Preprocessing to get the tidy dataframe


In [52]:
# Import the library we need, which is dplyr and ggplot2
library(dplyr)
library(ggplot2)

In [53]:
options(repr.plot.width=10, repr.plot.height=6)

In [54]:
# Read the csv file of Monthwise Quantity and Price csv file we have.
df <- read.csv('MonthWiseMarketArrivals_Clean.csv')

In [55]:
str(df)


'data.frame':	10320 obs. of  10 variables:
 $ market  : Factor w/ 122 levels "ABOHAR(PB)","AGRA(UP)",..: 1 1 1 1 1 1 1 1 1 1 ...
 $ month   : Factor w/ 12 levels "April","August",..: 5 5 5 5 5 5 5 5 4 4 ...
 $ year    : int  2005 2006 2010 2011 2012 2013 2014 2015 2005 2006 ...
 $ quantity: int  2350 900 790 245 1035 675 440 1305 1400 1800 ...
 $ priceMin: int  404 487 1283 3067 523 1327 1025 1309 286 343 ...
 $ priceMax: int  493 638 1592 3750 686 1900 1481 1858 365 411 ...
 $ priceMod: int  446 563 1460 3433 605 1605 1256 1613 324 380 ...
 $ city    : Factor w/ 119 levels "ABOHAR","AGRA",..: 1 1 1 1 1 1 1 1 1 1 ...
 $ state   : Factor w/ 22 levels "AP","ASM","BHR",..: 17 17 17 17 17 17 17 17 17 17 ...
 $ date    : Factor w/ 243 levels "1996-01-01","1996-02-01",..: 109 121 169 181 193 205 217 229 110 122 ...

In [56]:
# Fix the date
df$date = as.Date(as.character(df$date), "%Y-%m-%d")

In [57]:
head(df)


Out[57]:
marketmonthyearquantitypriceMinpriceMaxpriceModcitystatedate
1ABOHAR(PB)January20052350404493446ABOHARPB2005-01-01
2ABOHAR(PB)January2006900487638563ABOHARPB2006-01-01
3ABOHAR(PB)January2010790128315921460ABOHARPB2010-01-01
4ABOHAR(PB)January2011245306737503433ABOHARPB2011-01-01
5ABOHAR(PB)January20121035523686605ABOHARPB2012-01-01
6ABOHAR(PB)January2013675132719001605ABOHARPB2013-01-01

In [58]:
# Get the values for Bangalore
dfBang <- df %>%
          filter( city == 'BANGALORE') %>%
          arrange(date) %>%
          select(quantity, priceMod, date)

In [59]:
head(dfBang)


Out[59]:
quantitypriceModdate
12278329912004-01-01
22251337932004-02-01
32219525562004-03-01
41851504652004-04-01
51373904552004-05-01
63114455512004-06-01

In [60]:
summary(dfBang$priceMod)


Out[60]:
   Min. 1st Qu.  Median    Mean 3rd Qu.    Max. 
    320     551     828    1041    1323    3430 

In [61]:
summary(dfBang$quantity)


Out[61]:
   Min. 1st Qu.  Median    Mean 3rd Qu.    Max. 
  63820  329800  405700  523600  660700 1639000 

In [62]:
ggplot(dfBang) + aes(quantity, priceMod) + geom_point()


PRINCIPLE: Correlation

Correlation refers to any of a broad class of statistical relationships involving dependence, though in common usage it most often refers to the extent to which two variables have a linear relationship with each other.


In [63]:
cor(df$quantity, df$priceMod)


Out[63]:
-0.056847254850628

In [64]:
cor(log(df$quantity), log(df$priceMod))


Out[64]:
-0.0913947290041626

PRINCIPLE: Visualizing linear relationships


In [65]:
# We can try and fit a linear line to the data to see if there is a relationship
ggplot(dfBang) + aes(log(quantity), log(priceMod)) + geom_point() + stat_smooth(method = 'lm')
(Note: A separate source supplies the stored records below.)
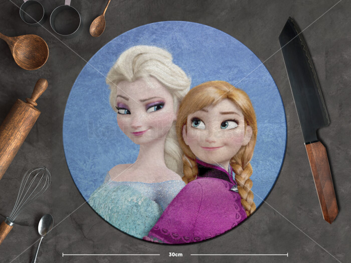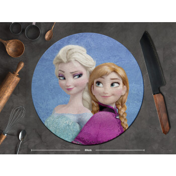 Ψυχρά κι ανάποδα Έλσα και Άννα, Επιφάνεια κοπής γυάλινη στρογγυλή (30cm)
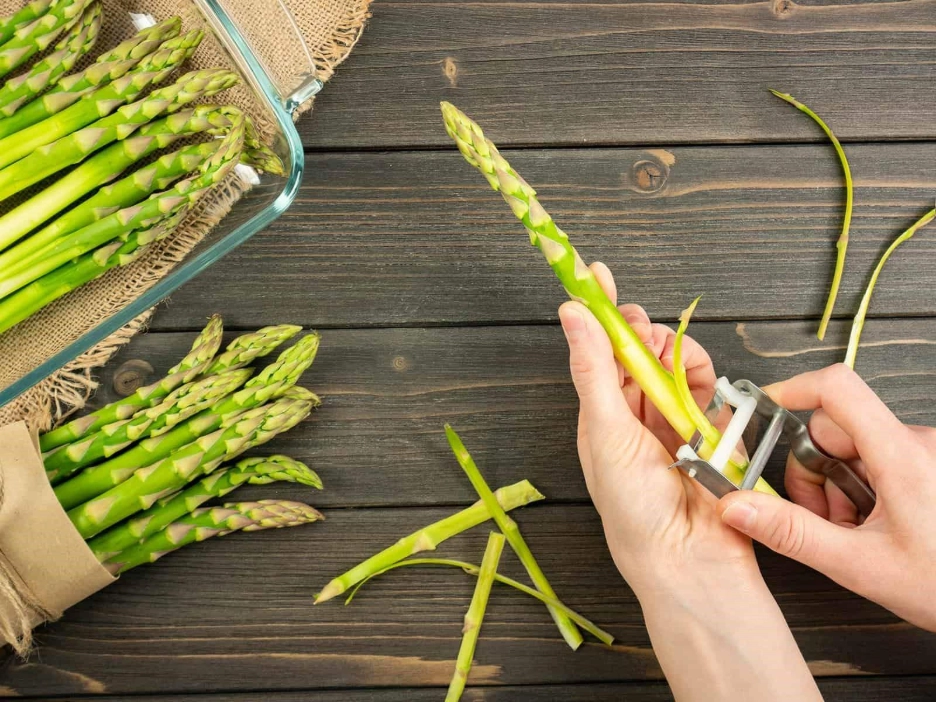 ⦁ Asparagus: Peel tough outer layer from thick spears
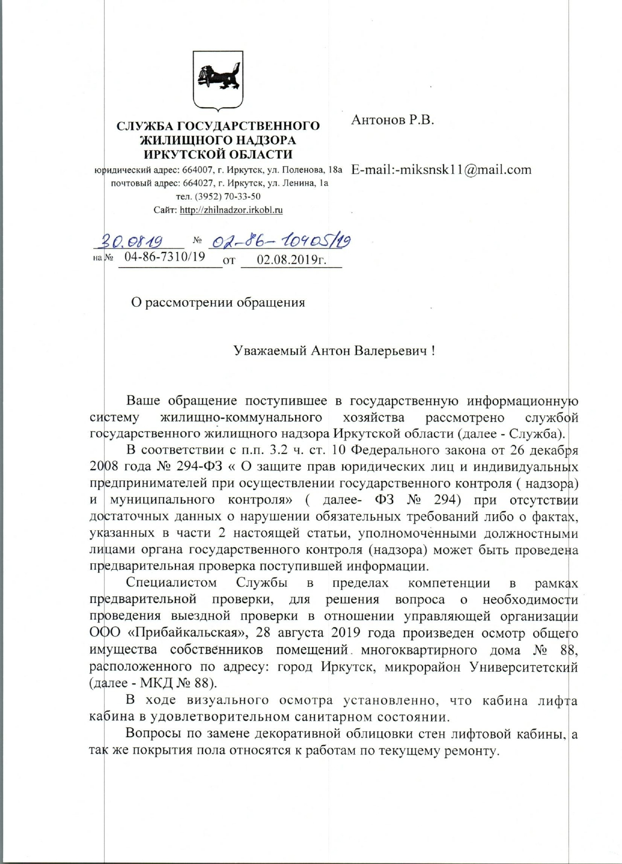 Номер жалобы:57879 Тип жалобы:Иные проблемы ЖКХ Название объекта: Регион:Иркутская область Город:Иркутск Адрес:Иркутск, микрорайон Университетский, 88 Описание жалобы:Иркутск, мкр. Университский дом 88, подъезд 1 !!!(обязательно укажите про подъезд номер 1, а то в прошлый раз другие подъезды проверяли, если не указать)!!! Здравствуйте! УК "ООО"Прибайкальская" , не реагирует на обращение жителей дома. Дело в том, что УК не моет лифт, стены, двери лифта как внутри, так и снаружи на каждом этаже грязные. Кроме того двери облезли, пол внутри надорван, стены изрисованы и облезли. Прошу помочь и заставить УК привести лифт в порядок, отмыть весь, а не только пол! Да и покрасить либо обшить новыми материалами. Статус:

Exercise: Calculate the price and quantity relationship in Lasalgaon


In [ ]:


In [ ]:


In [ ]:

Question 4: Can we forecast the price of Onion in Bangalore?

TIme Series Modelling

We will build a time-series forecasting model to get a forecast for Onion prices.

Most of the time series models work on the assumption that the time series is stationary. Intuitively, we can see that if a time series has a particular behaviour over time, there is a very high probability that it will follow the same in the future. Also, the theories related to stationary series are more mature and easier to implement as compared to non-stationary series

Statistical stationarity: A stationary time series is one whose statistical properties such as mean, variance, autocorrelation, etc. are all constant over time. Most statistical forecasting methods are based on the assumption that the time series can be rendered approximately stationary (i.e., "stationarized") through the use of mathematical transformations. A stationarized series is relatively easy to predict: you simply predict that its statistical properties will be the same in the future as they have been in the past!

There are three basic criterion for a series to be classified as stationary series :

  • The mean of the series should not be a function of time rather should be a constant.

  • The variance of the series should not a be a function of time. This property is known as homoscedasticity.

  • The covariance of the i th term and the (i + m) th term should not be a function of time. This property is called auto-correlation


In [66]:
head(dfBang)


Out[66]:
quantitypriceModdate
12278329912004-01-01
22251337932004-02-01
32219525562004-03-01
41851504652004-04-01
51373904552004-05-01
63114455512004-06-01

In [67]:
# Let us create a time series variable for priceMod
ggplot(dfBang) + aes(date, priceMod) + geom_line()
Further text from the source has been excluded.